EK: Yes, it is an absolute must. Not only the Abraham Accords, but, more importantly, the Saudi-Israeli normalization process. The Saudis are quietly backing Israel's operation as do Jordan’s King Abdullah and Egypt’s president Sisi, among others. No Arab regime has any sympathy for the Muslim Brotherhood and their many offshoots, be they Hamas, al-Qaeda, or ISIS. They are even less sympathetic to the Shiite Islamist regime in Tehran and its offshoots—Lebanon’s Hezbollah and Yemen’s Houthis. Hamas, in this respect, has it the worst of all worlds being ideologically affiliated with the Muslim Brotherhood and militarily and politically supported by Shiite Iran.
DM: Do you think America also is responsible, or bears some responsibility, for what happened, considering the transfer of funds to Iran?
EK: In a broader sense, the Biden administration's desperation to appease Tehran and to revive the 2015 nuclear agreement with Iran, instead of intensifying the sanctions and making a credible military threat, has had a significant adverse impact. This softer stance has emboldened Tehran and strengthened its regional position. Yet, the administration seemed to be slowly reawakening from its delusions over the past few months, as illustrated inter alia by the firing of Iran’s foremost Washington advocate: Robert Malley. And the scope and barbarity of Hamas’s atrocities have certainly touched a raw nerve in President Biden and enticed him into sending a powerful message to Tehran and its Lebanese proxy—in word and deed (sending the US navy to the eastern Mediterranean—to stay out of the Israel-Hamas confrontation.
It remains to be seen how the war will play out. Should Iran and Hezbollah ignore Biden’s warning and become involved, America might respond, in which case it might lead to NATO involvement as happened in Afghanistan and Iraq. Biden said he consulted his main NATO allies—Britain, Germany, and France—about the situation, and the outcome may depend on various contingencies. In the event that Hezbollah targets Israel, it's likely that Israel will respond swiftly and decisively against Lebanon, perhaps even against Iran. But the hope is that Hezbollah doesn't interfere in an already complex scenario.
Israel’s international standing stronger today than ever before
DM: Would you say that, compared to previous major operations or wars, Israel is in a better international position today, given its relations with the U.S. and its Arab allies, including Greece, Egypt, and even Morocco?

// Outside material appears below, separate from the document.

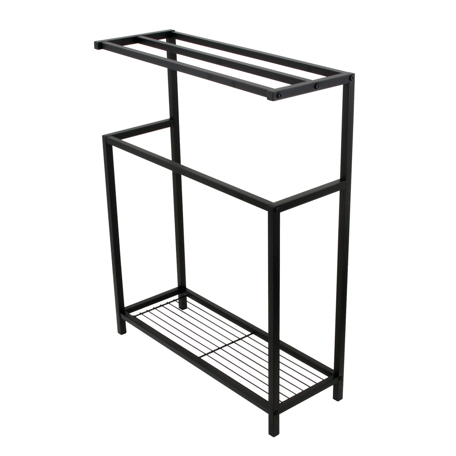 With a chic and stylish design, the Edenscape freestanding towel rack will stand out in your bathroom. Use its multi-tiered design and shelf for extra storage to hang/fold your various towel, clothing, or other accessories. The towel rack is constructed from steel for usage for years to come.
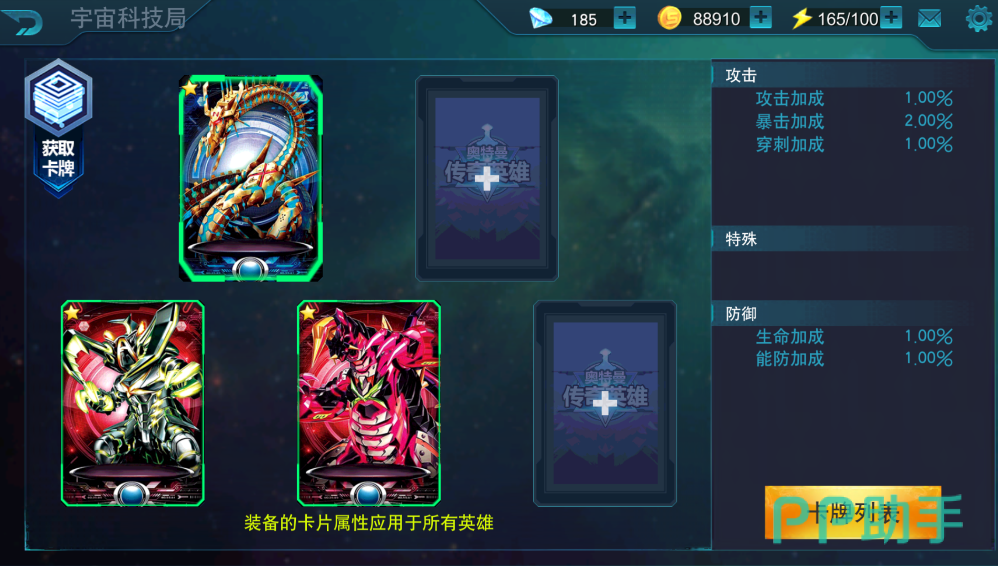 宇宙科技局这个功能给玩家提供一种提升英雄战斗力的方法,在这里,玩家可以通过挑战宇宙监狱中通缉令里的怪兽,从而获得卡牌。获得的卡牌可以进行佩戴,卡牌分品质的高低能够给英雄带来不同的属性加成。并且玩家可以通过升级卡牌的方式,提升卡牌的属性。

EK: Yes, internationally, Israel is in a better position. It has the support of the United States and the anti-Iran Arab alliance. And while the Arab states will keep relatively aloof, or even make symbolic gestures to the Palestinians, such as the UAE sending them $20 million in humanitarian relief, the broader international sentiment is presently on Israel’s side.
As a matter of fact, the Arab states have never had real sympathy for the Palestinians. And while anti-Zionism formed the main common denominator of pan-Arab solidarity and its most effective rallying cry, the actual policies of the Arab states have shown far less concern for the well-being of the Palestinians than for their own self-serving interests. Indeed, nothing has done more to expose the hollowness of pan-Arabism than its most celebrated cause.
Now that many of the Arab states have normalized relations with Israel, they will seek to avoid getting involved in the current war and would like to see Israel resolve the situation as quickly as possible. Once Hamas is defeated, they can shift back their focus to other, more pressing issues.